不動産賃貸借におけるトラブルへの対応実務 -原状回復・建物改築時の明渡し・トラブルについて- vol. 3(現状回復費用)

■設例

建物(昭和40年代建築)のオーナーA社は、テナントBとCに事務所の用途でワンフロアを賃貸していたところ、同建物は、耐震診断の結果、耐震強度は新耐震の基準をおよそ満たしていないことが判明したので、この機会に新耐震基準を満たすビルに改築する計画を立てて、B、Cとの各契約を終了させる交渉をした。

(1)現状回復費用
Bは、A社からの賃貸借契約の解約申入れに異議を唱えることなく、賃借フロアの鍵を全て返還し、A社はこれを受け取った。
賃貸借契約書の原状回復条項としては、『原状回復工事は、床タイルカーペット貼替え、壁クロス貼替え、天井クロス貼替え、及び室内全体クリーニング仕上げ等の工事を基本として、賃借人の負担とする。』

『賃借人が本契約終了日までに原状回復を行わないときは、賃貸人は自ら原状回復措置をとることができ、その費用を賃借人に請求することができる。』との定めがあった。

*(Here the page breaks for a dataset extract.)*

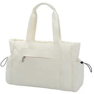 Tote Bag Purse for Women Shoulder Bag, Lightweight Puffy Work 14" Laptop Bag, Large Carry On Travel Tote with Pockets (White)
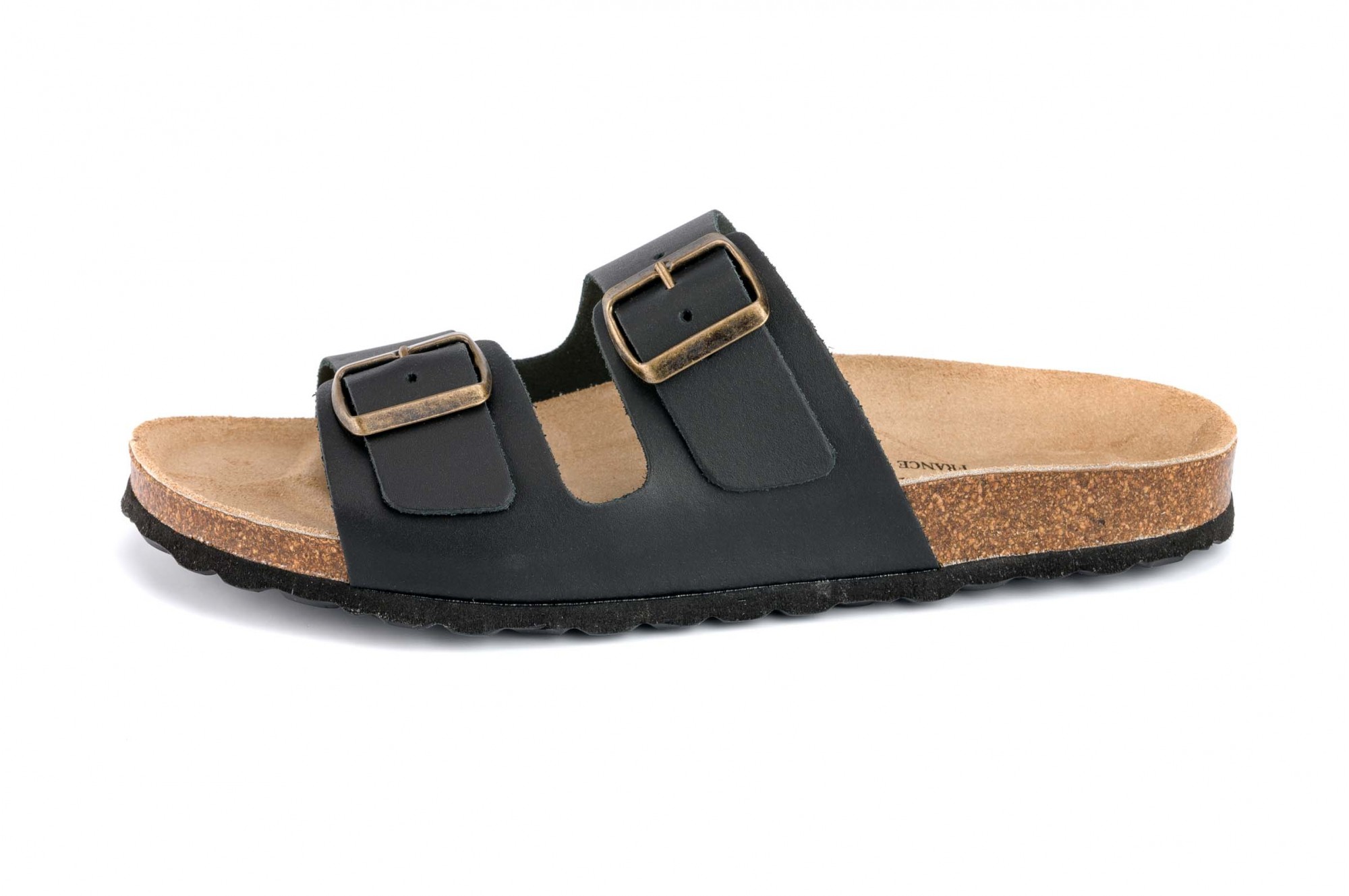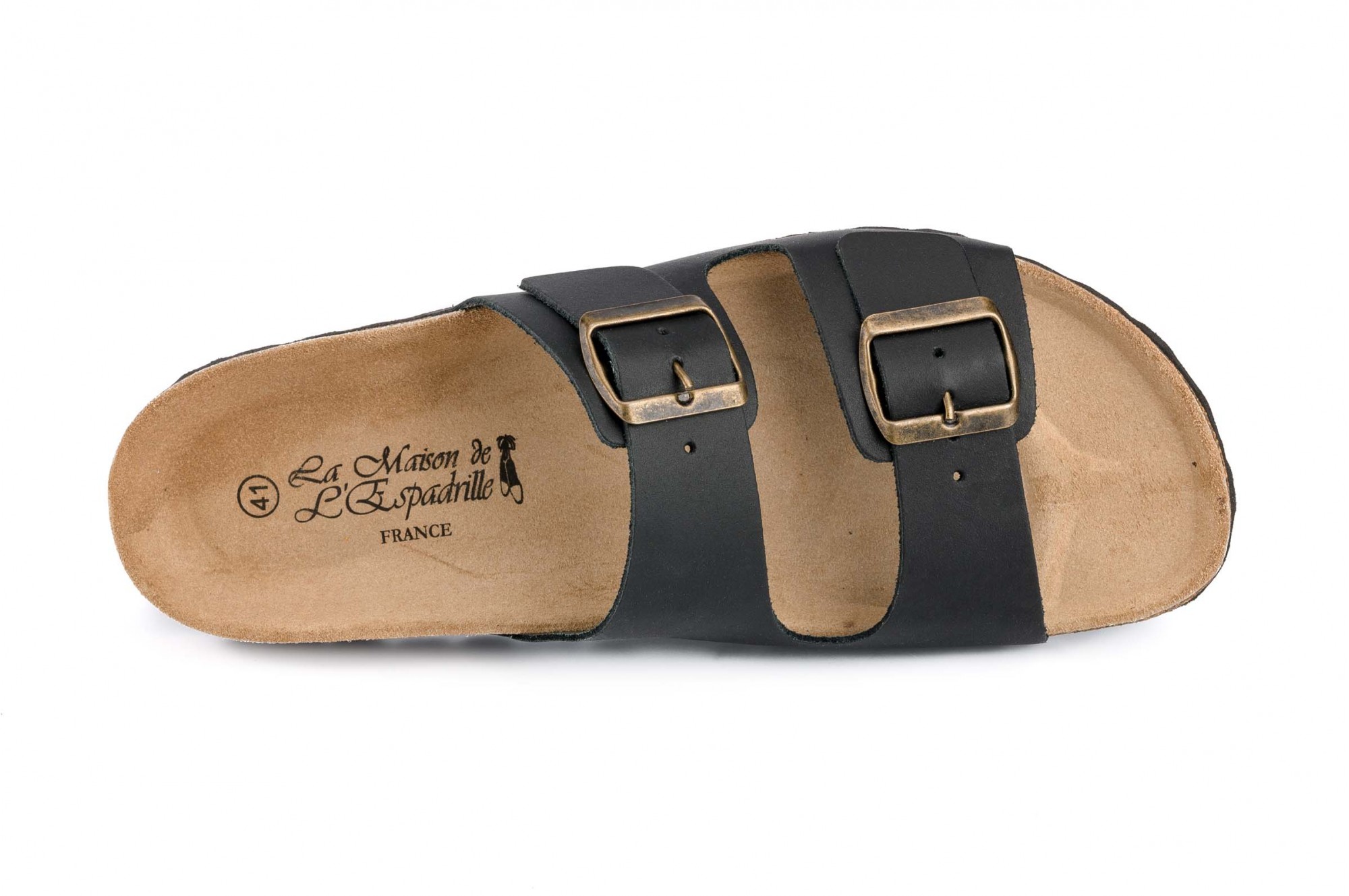 Papuci cu aspect contemporan, produsi artizanal in sudul-vestul Frantei, aproape de Biarritz, intr-o firma cu o traditie pastrata de peste 50 de ani in aceeasi familie. Au fetele confectionate din piele naturala, moale si placuta la atingere, dar in acelasi timp rezistenta, si cu talpa usoara, dintr-un material care imita pluta, avand la exterior un strat de protectie din cauciuc care ii sporeste durabilitatea. Forma anatomica si acoperirea cu piele naturala poroasa a interiorului talpii ofera un confort deosebit la purtare. Partea superioara a papucilor este reglabila, fiind prevazuta cu doua catarame. Masuri: 39-46

しかし、Bは、原状回復をしなかったので、A社は、やむなく自分で原状回復工事を行い、その費用を敷金から差し引いたうえで残額の敷金の返還をした。これに対し、Bは、「A社の原状回復費用は経年劣化又は通常損耗分を含んでいるが、自分はそうした部分の負担をする義務はない。」と述べ、A社に対して、不足分の敷金の返還請求の訴訟を提起してきた。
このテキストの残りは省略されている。